Over the years Chris Beetles must have made the pencil-wielding fingers of Quentin Blake and Ronald Searle itch with a desire to draw him. He presents a vigorously compact figure, possesses a pair of appropriately beetling brows sheltering an extremely shrewd gaze and sports an unabashedly splendid set of bugger’s grips. Standing in the doorway of his gallery on Ryder Street in the heart of art-dealing London, both he and his collection are a world away from the smooth-talking, sharp-suited power-broking of Christie’s and Sotheby’s, the plush hush of Colnaghi.
The walls of the gallery bristle with pictures, hung to fill every possible available space from floor to ceiling. Rowlandson rubs along happily with Brabazon, Edward Lear with Mervyn Peake, Quentin Blake with Ronald Searle. Large blue folders labelled alphabetically lie on shelves, filled with more treasures from Ardizzone to Zinkeisen. The order and profusion betray a certain element of obsessive hunter-gathering. I wondered how early on in life he had been bitten by the collecting bug.
‘Pretty early on. I was the sort of boy who, if I got something, anything — a marble, a cigar band — I’d want to start collecting until I had all the different colours and varieties I could find. It wasn’t because I had an unhappy childhood; some people are just natural collectors and I certainly fell into that category.’

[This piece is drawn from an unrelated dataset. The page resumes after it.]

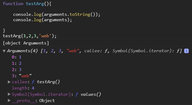 通过toString函数执行结果可以看出,arguments其实是“[object Arguments]”,其实将其直接打印出来的__proto__属性值就可以看出,arguments是Object。但是,这个arguments对象又跟我们看到的普通(正常)对象又有区别,因为一般的对象是大括号,而arguments对象是中括号,这一点又像数组。

Collecting pictures, however, came later, after he had studied medicine and qualified as a GP. ‘I moved to London to take up my first job and needed some furniture for the flat I was renting. There was a place where you could pick up all sorts of things for very little money so I bought a whole lot of rather dreadful second-hand stuff — rattan chairs and that sort of thing — and then I saw a couple of pictures and thought that I might as well put something on the walls while I was about it. That started me off. I became fascinated by pictures that tell you something about the social and domestic history of this country, the sort of pictures that thousands of people possess and that have real value despite the fact that, at the time, you could buy them for next to nothing. Even now they’re undervalued.’
So it was English watercolours that were his first love and he set out to learn everything he could about them. He read every word there was to read on the subject, he visited galleries and museums all over the country, persuading curators to let him look at pictures that weren’t on display, looking ‘fairly rough with my beatnik hair and my sideburns’ as he craned over padded brass rails placed in front of pictures and ignored the supercilious attitudes he frequently encountered. ‘I don’t have much respect for the trade,’ he admits, ‘because the trade never had much respect for me. People in auction houses particularly would hardly give me the time of day. There was a way of speaking many of them had, prefacing every remark with a sort of half-sneer. “Nyerm-have you got an appointment? Nyerm-is he expecting you?” Needless to say it was quite pleasing when those people started coming to me for my so-called expert opinion.’
Beetles worked as a GP for 14 years while, alongside the day job, amassing a collection, beginning to deal in pictures and every now and again, for light relief, writing television scripts (highlights included Doctor on the Go and The Secret Policeman’s Ball). Eventually he realised that it might be beneficial to focus his considerable energies and decided to concentrate on pictures. Beyond watercolours he has promoted the work of numerous illustrators, cartoonists and photographers, the last proving so successful that he has opened a second gallery devoted to photography.
He is passionately opposed to the stuffy, reverential atmosphere that can still scare people away from galleries and hates the fact that the pictures on view in this country are the tip of the iceberg, with thousands tucked away in vaults and hardly ever seen by the public. As a result, his gallery is both a warm and welcoming place with frequent parties held to launch exhibitions, and a place where the pictures are constantly on the move, ensuring that everything gets an airing. His pricing is keenly competitive and you can look up the entire stock on his website, check out the costs and even buy online if you prefer to forego the pleasure of purchasing in person. ‘I like talking to people about pictures,’ he says. He also likes writing about them and publishes a stream of beautifully illustrated catalogues to accompany his exhibitions. ‘If people can’t afford to buy a drawing or a photograph, they can at least buy a catalogue with really good reproductions.’
The Beetles zeal for letting people see the work he collects and sells means that the gallery has almost become an extension to courses on offer at art schools. Students come in to look through the vast collection of pictures — ‘I’ve probably got enough to carry on holding selling exhibitions for ten years without buying anything new’ — and while some of them are ‘bored rigid and only turn up because they have to, others are really bright-eyed and eager’. He’s good at offering employment to the bright-eyed and eager ones, who find it invaluable experience, but there’s no room for slackers. Although he doesn’t expect the same of all his staff, he himself is at work each morning by 7 a.m. He also has a flair for publicity — at a recent show of Cecil Beaton photographs he orchestrated a marvellous series of photographs of members of his team ascending a spiral staircase holding framed pictures over their heads, displaying the images to perfect advantage.
The chief characteristics of the pictures and artists that appeal to Chris Beetles are the same as he so abundantly possesses himself: a vital engagement with life, a sharply observant eye and a keen wit.